# Experimental investigation into the mechanism of secondary oxidation of coal under hot air flow erosion

**Authors:** Peitao Zhu, Ziwen Dong, Zhenya Zhang, Song Kong, Minyang Shen, Yaxian Yu, Haojie Zhang

PMC · DOI: 10.1039/d5ra02948a · 2025-06-19

## TL;DR

This study investigates how hot air flow affects the secondary oxidation of coal, revealing how different temperatures and flow rates influence the risk of spontaneous combustion.

## Contribution

The paper introduces a temperature-programmed experimental method to analyze secondary coal oxidation under varying hot air flow conditions.

## Key findings

- Higher air flow rates increase oxygen consumption and heat release during low-temperature oxidation.
- Treatment with 35 °C hot air flow promotes CO2 generation in later oxidation stages.
- 65 °C hot air flow treatment reduces the risk of coal spontaneous combustion across all airflow conditions.

## Abstract

The residual coal in the goaf of high-temperature mines is highly susceptible to oxidation and spontaneous combustion (SC) due to the erosive effects of hot airflow. Moreover, the risk of secondary oxidation may be significantly elevated. To elucidate this issue, a temperature-programmed experiment device on secondary oxidation was conducted to investigate the characteristics of coal's secondary oxidation under the influence of hot air flow with varying flow rates and temperatures.
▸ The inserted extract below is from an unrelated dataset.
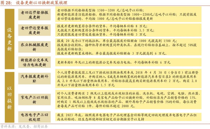 汽车以旧换新方面,相较于加码前《汽车以旧换新补贴实施细则》的部署,本轮政策翻倍了乘用车补贴,新增了老旧柴油货车的报废更新。假设本次中央支持资金在 375-500 亿元左右,按 9:1 的央地出资比例,按照 2009 年1:8 的撬动比划定区间做敏感性分析,撬动资金可达 2000 亿元以上。进一步假设其中 20%-40%为新增消费,则对应约 400-1200 亿元的增量汽车消费。从细分行业来看,建议重点关注重卡更新需求。今年的商用车的需求相对偏重于卡车,其中轻卡和重卡的需求较高,此次政策主为拉动重卡更新,给予平均 8 万元补贴,补贴力度大,营运类柴油货车更新为天然气货车具有较大更新潜力。

The analysis focused on O2 consumption rate, heat release intensity (q), the generation rate of carbon-oxygen gas, and the apparent activation energy (Ea) during the secondary oxidation process. The results indicate that during the low-temperature oxidation (LTO) process, an increase in air flow rate leads to a higher O2 consumption rate and q for both raw coal (RC) and coal samples treated with 35 °C hot air flow (T35). Additionally, the Ea in the surface oxidation stage is lower, which implies a greater risk of coal spontaneous combustion (CSC). The temperature of the hot air flow showed a negative correlation with the rate of CO gas generation, and treatment with a hot air flow at 35 °C will promote the generation of CO2 gas during the later stages of oxidation. Compared with the T35 coal sample, the coal sample treated at 65 °C (T65) exhibits greater sensitivity to variations in air flow rate. Under an airflow volume of 200 mL min−1, the erosion of hot airflow at various temperatures can effectively reduce the risk of CSC. However, under lower airflow conditions (50–150 mL min−1), the T35 coal sample exhibit the highest risk of SC during the later stages of LTO. Under all airflow conditions, treatment with a hot airflow temperature of 65 °C inhibits the CSC in secondary oxidation. This investigation provides a theoretical foundation for further investigation into the mechanisms of CSC.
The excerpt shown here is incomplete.